In fact, I came across the following statement: $$ \frac{\sinh ix}{\sinh ix+i\cosh ix}\simeq\sinh x\simeq x. $$ Unfortunately, the claim by itself is incomplete, as it is not clear what $x$ is. (Is it real/complex? Is it large/small?)
A likely argumentation is the following: Since $$ \frac{\sin x}{\sin x+\cos x}\simeq\sin x\simeq x\quad\text{for $x$ sufficiently small} $$ and $$ \frac{\sinh ix}{\sinh ix+i\cosh ix}=\frac{\sin x}{\sin x+\cos x}, $$ we have $$ \frac{\sinh ix}{\sinh ix+i\cosh ix}\simeq\sin x\simeq x. $$ But $\sinh x\simeq\sin x$ for $x$ sufficiently small, which yields the statement.

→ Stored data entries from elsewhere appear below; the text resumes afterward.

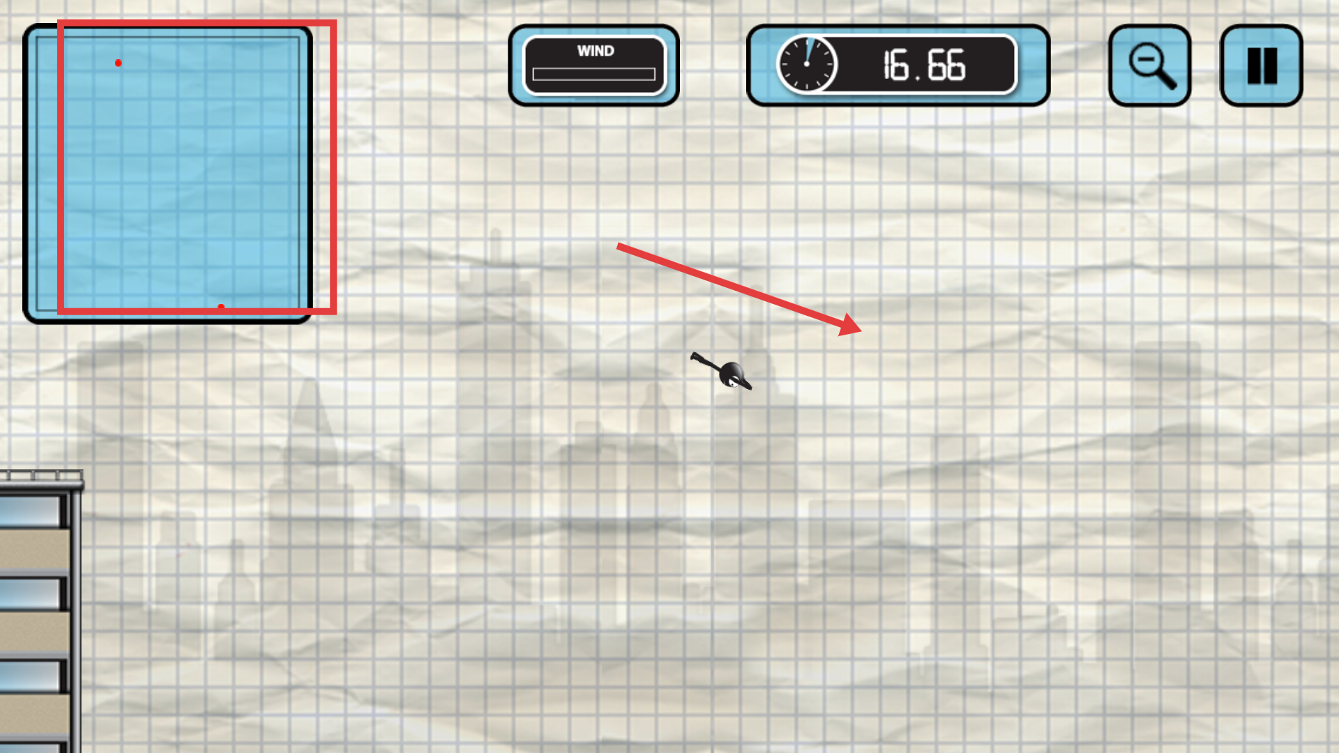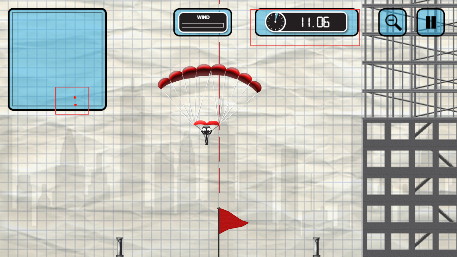 2、關卡中需觀察【WIND】風力與倒計時,控制跳傘角色的移動方向,目標是讓角色落在指定區域,風力會影響移動軌跡。
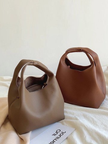 트루아 소프트 가죽 손잡이 똑딱이 토트 크로스백 버킷백
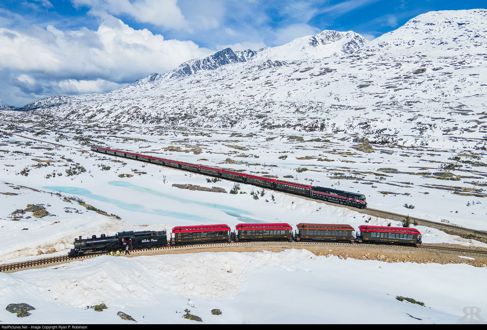| The White Pass & Yukon Route's only operable steam locomotive, number 73, has just conquered White Pass for the first time in 2025. Crews spent the day making two test trips up the pass, with the second trip making it to the summit. The locomotive is being looked over while the southbound Fraser train passes them at Divide. |

I would like to provide a more detailed verification (e.g. using series expansion), especially to see if under the condition that $x$ be sufficiently small the approximation will indeed be valid. Any help is welcome, thanks.
$\sinh x=\dfrac {x^1}{1!}+\dfrac{x^3}{3!}+\dfrac{x^5}{5!}+\cdots$,
so asymptotically $\sinh x\sim x$ as $x\to0$ in $\mathbb R$ or $\mathbb C$.